WORK REQUIRED
Give again, exactly as written, each line of the material below starting at the line that contains "y guantes rojos." and ending at the line that contains "EN España, la". Both ends count, and no other line does.

EXERCISE MATERIALS
# # # # # # #

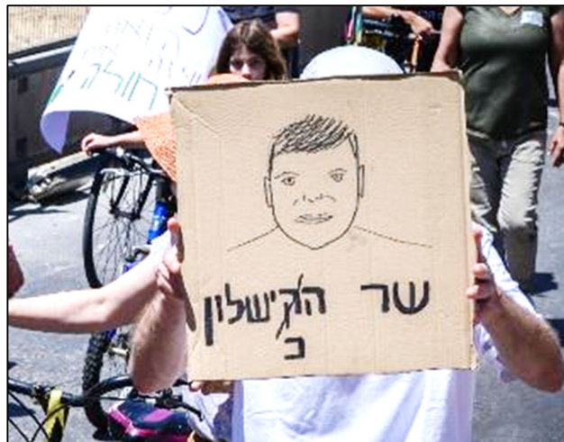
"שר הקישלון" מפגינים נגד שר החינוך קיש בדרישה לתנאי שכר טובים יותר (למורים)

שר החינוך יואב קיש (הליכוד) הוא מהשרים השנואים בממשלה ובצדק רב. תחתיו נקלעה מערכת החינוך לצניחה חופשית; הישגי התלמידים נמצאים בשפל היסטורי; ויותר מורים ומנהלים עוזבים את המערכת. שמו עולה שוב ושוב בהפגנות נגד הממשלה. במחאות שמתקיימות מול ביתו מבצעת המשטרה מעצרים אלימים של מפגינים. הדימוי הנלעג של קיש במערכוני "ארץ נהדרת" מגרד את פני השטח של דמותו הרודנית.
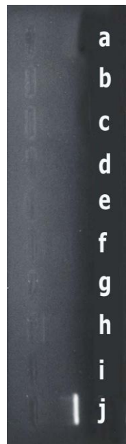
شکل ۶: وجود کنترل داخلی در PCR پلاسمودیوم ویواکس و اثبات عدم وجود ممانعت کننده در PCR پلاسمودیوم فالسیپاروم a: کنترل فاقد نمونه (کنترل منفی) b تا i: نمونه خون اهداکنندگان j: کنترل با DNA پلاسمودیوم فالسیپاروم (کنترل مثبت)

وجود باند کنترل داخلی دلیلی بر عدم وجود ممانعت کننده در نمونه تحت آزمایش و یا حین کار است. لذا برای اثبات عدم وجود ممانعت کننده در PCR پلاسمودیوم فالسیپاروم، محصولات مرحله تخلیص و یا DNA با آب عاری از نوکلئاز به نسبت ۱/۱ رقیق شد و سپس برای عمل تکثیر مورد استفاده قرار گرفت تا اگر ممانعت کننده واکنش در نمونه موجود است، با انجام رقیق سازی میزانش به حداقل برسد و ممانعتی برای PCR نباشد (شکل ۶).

# # # # # # #

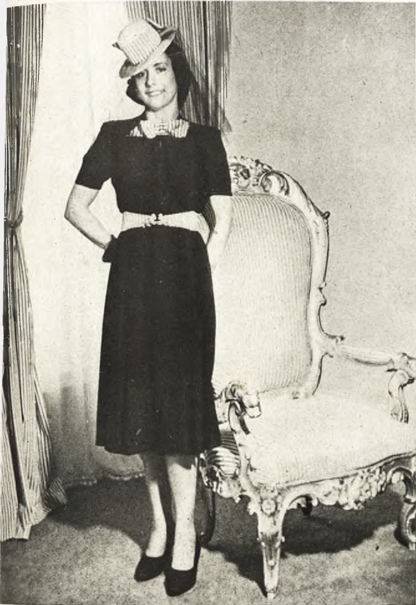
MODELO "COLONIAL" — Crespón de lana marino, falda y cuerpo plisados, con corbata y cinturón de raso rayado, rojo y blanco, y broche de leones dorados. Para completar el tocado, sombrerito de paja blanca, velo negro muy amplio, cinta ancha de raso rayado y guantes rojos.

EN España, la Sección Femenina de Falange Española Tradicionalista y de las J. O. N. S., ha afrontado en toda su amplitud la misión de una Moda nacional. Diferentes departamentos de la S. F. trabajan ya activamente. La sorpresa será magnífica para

# # # # # # #

RESPONSE TO THIS EXERCISE
MODELO "COLONIAL" — Crespón de lana marino, falda y cuerpo plisados, con corbata y cinturón de raso rayado, rojo y blanco, y broche de leones dorados. Para completar el tocado, sombrerito de paja blanca, velo negro muy amplio, cinta ancha de raso rayado y guantes rojos.

EN España, la Sección Femenina de Falange Española Tradicionalista y de las J. O. N. S., ha afrontado en toda su amplitud la misión de una Moda nacional. Diferentes departamentos de la S. F. trabajan ya activamente. La sorpresa será magnífica para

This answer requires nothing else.